Problem description:
Take the data below and write it out exactly, except for the pictures.

*** Data ***

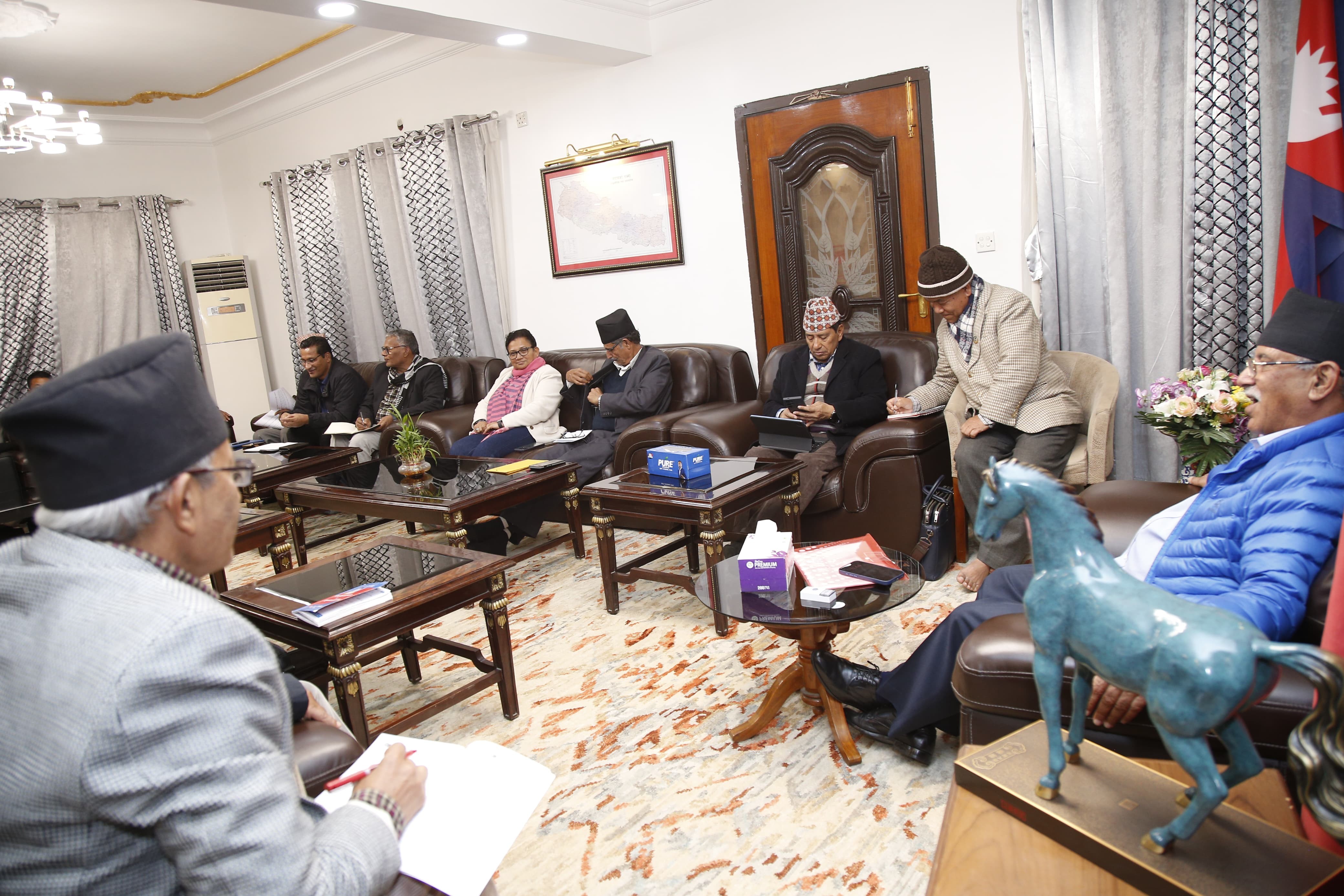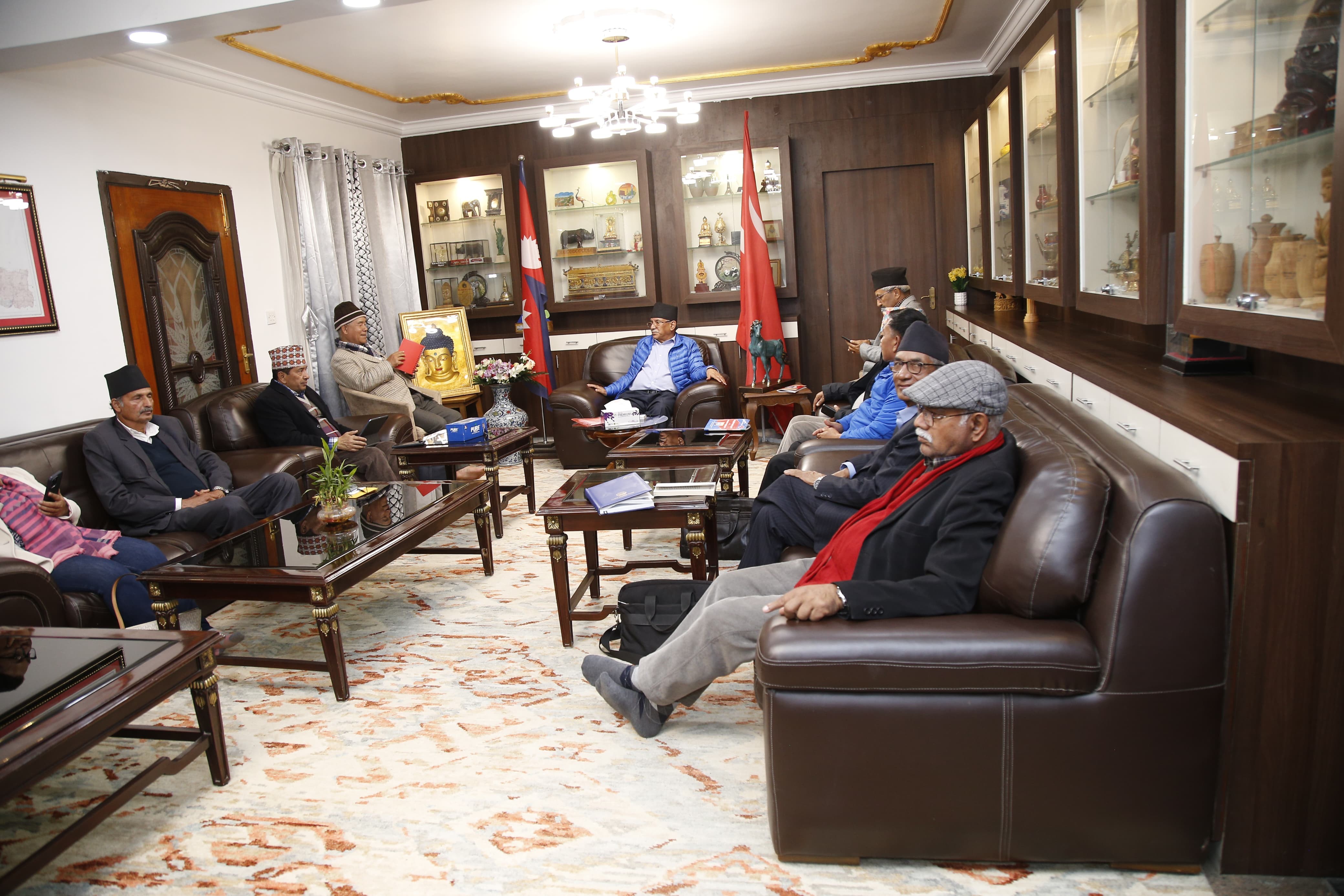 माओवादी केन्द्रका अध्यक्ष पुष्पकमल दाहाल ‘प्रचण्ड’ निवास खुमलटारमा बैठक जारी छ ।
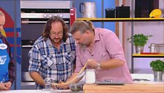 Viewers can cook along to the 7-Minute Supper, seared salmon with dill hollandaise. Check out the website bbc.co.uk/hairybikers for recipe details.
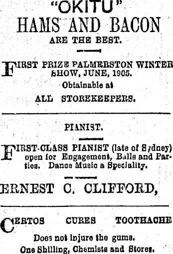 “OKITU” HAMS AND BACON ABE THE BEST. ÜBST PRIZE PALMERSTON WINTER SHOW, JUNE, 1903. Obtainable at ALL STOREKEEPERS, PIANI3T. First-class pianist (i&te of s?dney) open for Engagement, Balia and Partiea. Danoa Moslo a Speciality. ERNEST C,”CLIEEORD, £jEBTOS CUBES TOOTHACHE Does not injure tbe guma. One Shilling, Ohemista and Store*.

*** End of Data ***

Result of the exercise:
 माओवादी केन्द्रका अध्यक्ष पुष्पकमल दाहाल ‘प्रचण्ड’ निवास खुमलटारमा बैठक जारी छ ।
 Viewers can cook along to the 7-Minute Supper, seared salmon with dill hollandaise. Check out the website bbc.co.uk/hairybikers for recipe details.
 “OKITU” HAMS AND BACON ABE THE BEST. ÜBST PRIZE PALMERSTON WINTER SHOW, JUNE, 1903. Obtainable at ALL STOREKEEPERS, PIANI3T. First-class pianist (i&te of s?dney) open for Engagement, Balia and Partiea. Danoa Moslo a Speciality. ERNEST C,”CLIEEORD, £jEBTOS CUBES TOOTHACHE Does not injure tbe guma. One Shilling, Ohemista and Store*.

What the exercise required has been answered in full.